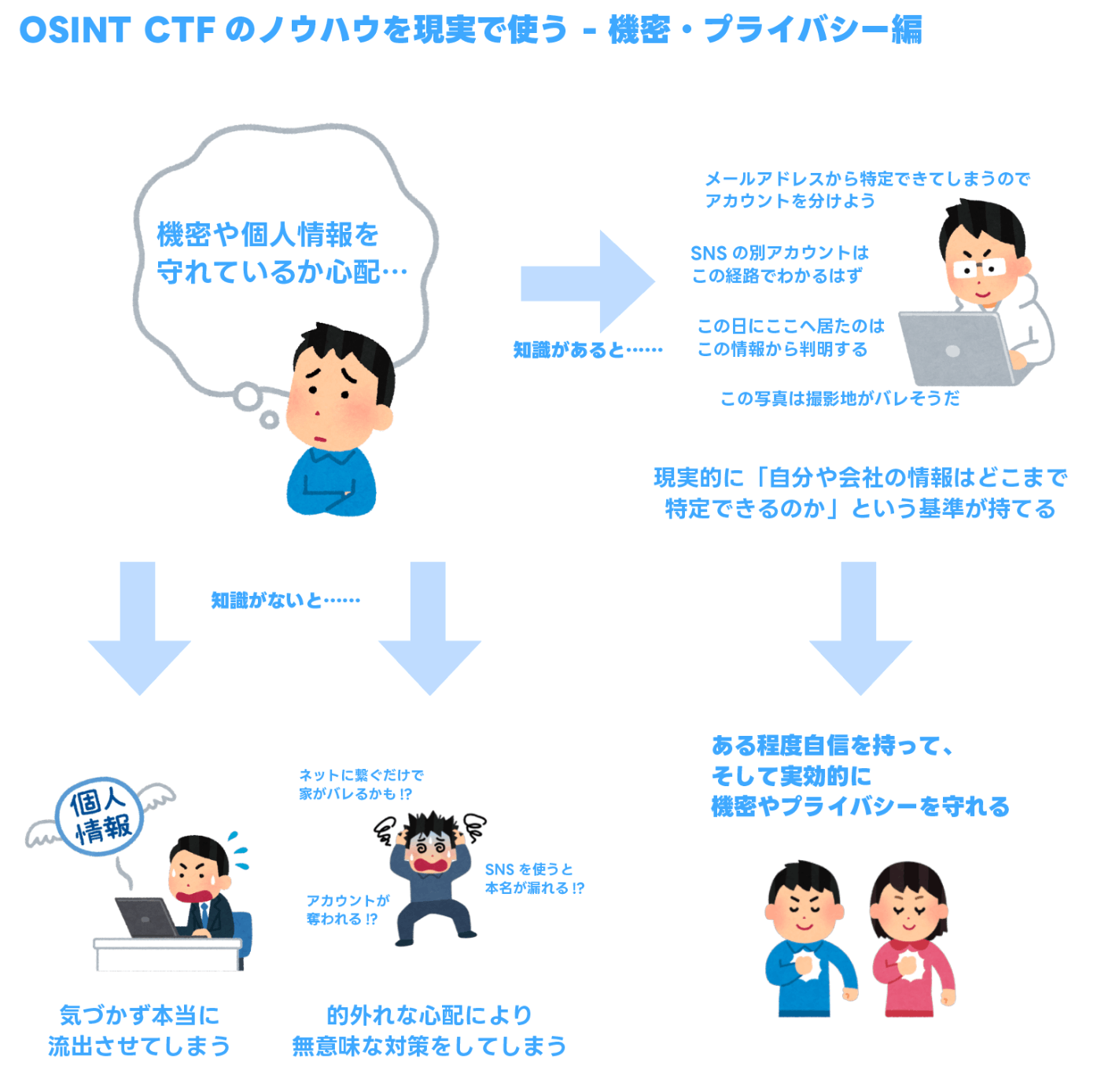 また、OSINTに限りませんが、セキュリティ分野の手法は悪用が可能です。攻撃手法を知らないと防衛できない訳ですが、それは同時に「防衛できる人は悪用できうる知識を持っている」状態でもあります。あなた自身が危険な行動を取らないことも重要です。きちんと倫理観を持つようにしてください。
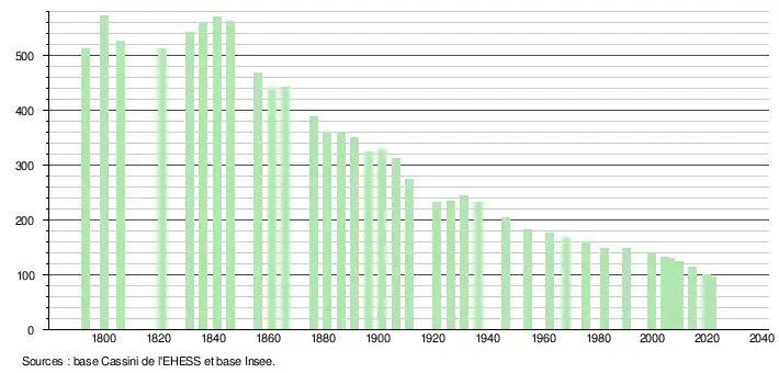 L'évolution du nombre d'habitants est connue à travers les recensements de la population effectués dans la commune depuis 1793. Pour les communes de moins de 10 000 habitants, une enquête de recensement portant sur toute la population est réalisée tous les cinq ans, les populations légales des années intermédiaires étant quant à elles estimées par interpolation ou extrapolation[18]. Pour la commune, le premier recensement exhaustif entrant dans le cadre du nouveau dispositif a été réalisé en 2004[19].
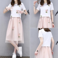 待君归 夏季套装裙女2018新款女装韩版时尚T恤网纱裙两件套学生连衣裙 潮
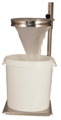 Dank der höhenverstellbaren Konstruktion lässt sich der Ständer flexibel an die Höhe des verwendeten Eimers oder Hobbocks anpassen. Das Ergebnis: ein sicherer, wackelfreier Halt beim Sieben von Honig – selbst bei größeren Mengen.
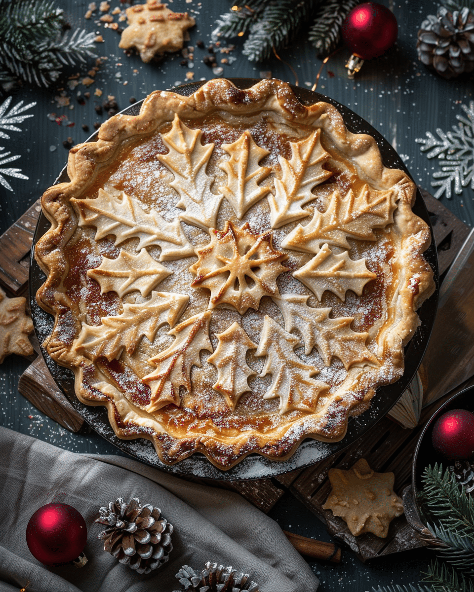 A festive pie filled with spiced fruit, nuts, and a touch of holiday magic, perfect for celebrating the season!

*-*-*

▸ **Assignment**
Drop every picture from the data, then output all the rest exactly.

▸ **Result**
 また、OSINTに限りませんが、セキュリティ分野の手法は悪用が可能です。攻撃手法を知らないと防衛できない訳ですが、それは同時に「防衛できる人は悪用できうる知識を持っている」状態でもあります。あなた自身が危険な行動を取らないことも重要です。きちんと倫理観を持つようにしてください。
 L'évolution du nombre d'habitants est connue à travers les recensements de la population effectués dans la commune depuis 1793. Pour les communes de moins de 10 000 habitants, une enquête de recensement portant sur toute la population est réalisée tous les cinq ans, les populations légales des années intermédiaires étant quant à elles estimées par interpolation ou extrapolation[18]. Pour la commune, le premier recensement exhaustif entrant dans le cadre du nouveau dispositif a été réalisé en 2004[19].
 待君归 夏季套装裙女2018新款女装韩版时尚T恤网纱裙两件套学生连衣裙 潮
 Dank der höhenverstellbaren Konstruktion lässt sich der Ständer flexibel an die Höhe des verwendeten Eimers oder Hobbocks anpassen. Das Ergebnis: ein sicherer, wackelfreier Halt beim Sieben von Honig – selbst bei größeren Mengen.
 A festive pie filled with spiced fruit, nuts, and a touch of holiday magic, perfect for celebrating the season!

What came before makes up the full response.